The Seven Deadly Sins & the Four Last Things
(Hieronymus Bosch)
Paul calls all of this “futility” (4:17).  It leads us nowhere, at least nowhere we want to go.  Such behavior breaks up homes and families, destroys businesses and friendships, produces wars and other forms of violence.  Rather than satisfying us, a pagan way of life frustrates us.

Therefore, Paul urges his converts, his friends, “you should put away the old self of your former way of life, corrupted thru deceitful desires, and be renewed in the spirit of your minds”—because our conversion must begin within, in our hearts, in our attitudes, before our behavior will change—“and put on the new self, created in God’s way in righteousness and holiness of truth” (4:22-24).  Paul has already introduced them to this new way (new for them), God’s way, revealed to us in Christ, this way of righteousness and truth.  This is the way that satisfies the ultimate desires of our minds and hearts and souls:  to know goodness and truth and authentic beauty.  It remains good advice for us today because our lives, too, constantly need conversion.

Our ongoing conversion is not helped by the age we live in, the culture around us, which seems to be shedding rapidly the influences of religion and be adopting a neo-paganism.
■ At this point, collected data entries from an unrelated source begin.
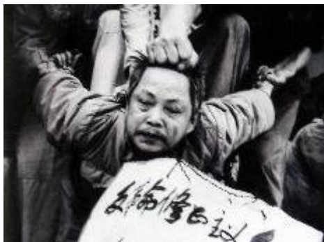
Фото досие, показващо атаката и денонсирането на "контрареволуционер" от активисти на ККП

Петдесет и пет годишната история на Китайската комунистическа партия (ККП) е написана с кръв и лъжи. Човешките преживявания зад тази кървава история са извънредно трагични и рядко срещани. Под управлението на ККП, 60 до 80 милиона невинни китайци са убити, изоставяйки разбити семейства. Много хора се чудят защо ККП избива хора. Докато партията продължава бруталното преследване на практикуващите Фалун Гонг и съвсем наскоро потуши тълпата от протестиращи в Ханюан с изстрели, хората се чудят дали някога ще доживеят деня, когато ККП ще се научи да говори с думи вместо с огнестрелни оръжия.
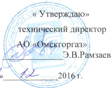
График № ГТО-488
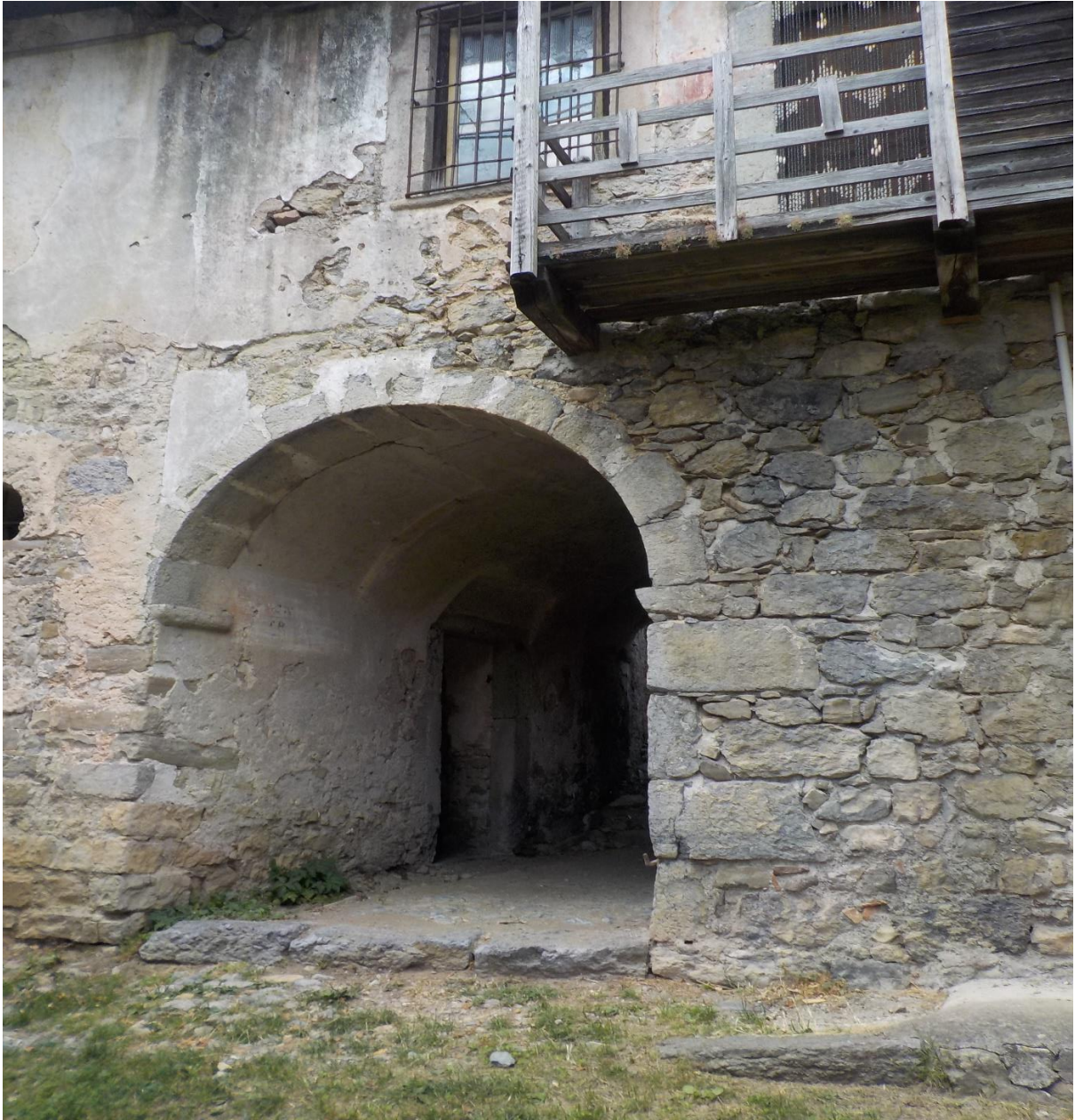
Du vieux et revieux encore à l'antique.
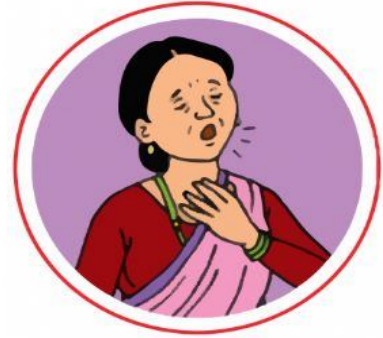
श्वास फेर्न गाह्रो हुने

यस्ता लक्षणहरू देखा परेमा नजिकको तोकिएको स्वास्थ्य केन्द्रमा सम्पर्क गर्नुहोस्।
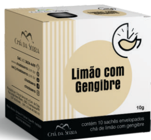
LIMÃO COM GENGIBRE 10 sachês | 10 gramas 7898646561992
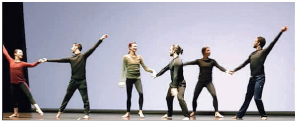
أعضاء فرقة «كاتابولت»

وفي فقرة «محطات» استعرضت الفرقة أهم المراحل في حياة الإنسان من الطفولة المبكرة حتى عمر النضج واستخدم القائمون على العرض الفن بالشكل الذي جعله الوسيلة المثلى للتعبير عن المشاعر العميقة للمراحل
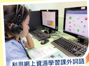
利用網上資源學習課外詞語
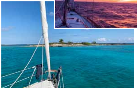
Coucher de soleil sur l'Atlantique, novembre 2021
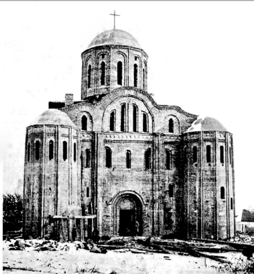
Церковь св. Василия в Овручѣ. (Середина 12-го вѣка).
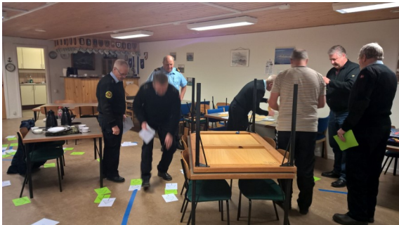
Der øves farvandsafmærkninger i teorilokalet.

Besætningen blev til ud fra et ønske fra staben om, at oprette et fast sted i flotillen til uddannelsesgaster. Staben ønskede at sikre, at nye gaster fik den nødvendige erfaring og blev forberedt mest muligt til de lovpligtige uddannelser således at gennemførelse af lovpligtig uddannelse sikres for hvert enkelt medlem.

Maybe the shock engendered by the recent Planned Parenthood videos will wake the nation to the barbarity of destroying human life, to the ugliness of turning human beings into commodities to be bought and sold.  Or maybe it will blow over, and society will close its eyes again and go along with the lies of “choice,” “the war on women,” “it’s my body,” “it’s just a lump of tissue,” etc.  Maybe when a polygamy or an incest lawsuit reaches the Supreme Court we’ll realize the foolishness of “marriage equality” and “freedom to marry whomever you love.”  Or maybe not.

Our country was founded on the premise of truth—not your truth or my truth, some arbitrary belief or inclination or feeling, but on eternal truth:  “we hold these truths to be self-evident…,” truths resting upon the Creator of the universe.  Take away the Creator, bring in a self-referenced paganism, and truth evaporates into moral and social chaos, everyone’s opinion as true as anyone else’s, everyone’s claims as valid as anyone else’s, every man for himself—a state of what the 18th-century philosopher Thomas Hobbes called homo homini lupus:  men are wolves toward each other.  That’s the futility of the Gentile or pagan way of thinking and acting.

“That is not how you learned Christ,” Paul remarks (4:20).  Not only have we committed ourselves to living in a holy manner according to the ways of God taught to us by Christ (cf. 4:21), but we commit ourselves to living in a holy manner, a virtuous manner, in the face of a pagan world—as the earliest Christians did.  We will maintain our commitment to the truths of human dignity regardless of age, race, gender, or social status; of sexual complementarity; of marriage as an institution for fostering new life; of this world’s goods given by God for the benefit of all and not just of a few.  Not only will we maintain our commitment personally, but we’ll do what we can to keep these truths alive in society—because it’s truth that leads us to harmony and justice, truth that sets us free, truth that enables us to be the people God created us to be.

As Catholic Christians we can’t become hermits—go off and live in our own Amish-style world.  Christ has sent us into the world to make it new, to give it life, to win over the pagans—because what we have is universally appealing:  goodness, truth, and beauty.  In their hearts everyone wants these things; the pagans seek them in the wrong places.  We can show them the right places:  in virtue, in a healthy relationship with God based on the “truth that is in Jesus” (4:21), in joy, in our care for our brothers and sisters—in short, “in God’s way of righteousness and holiness.”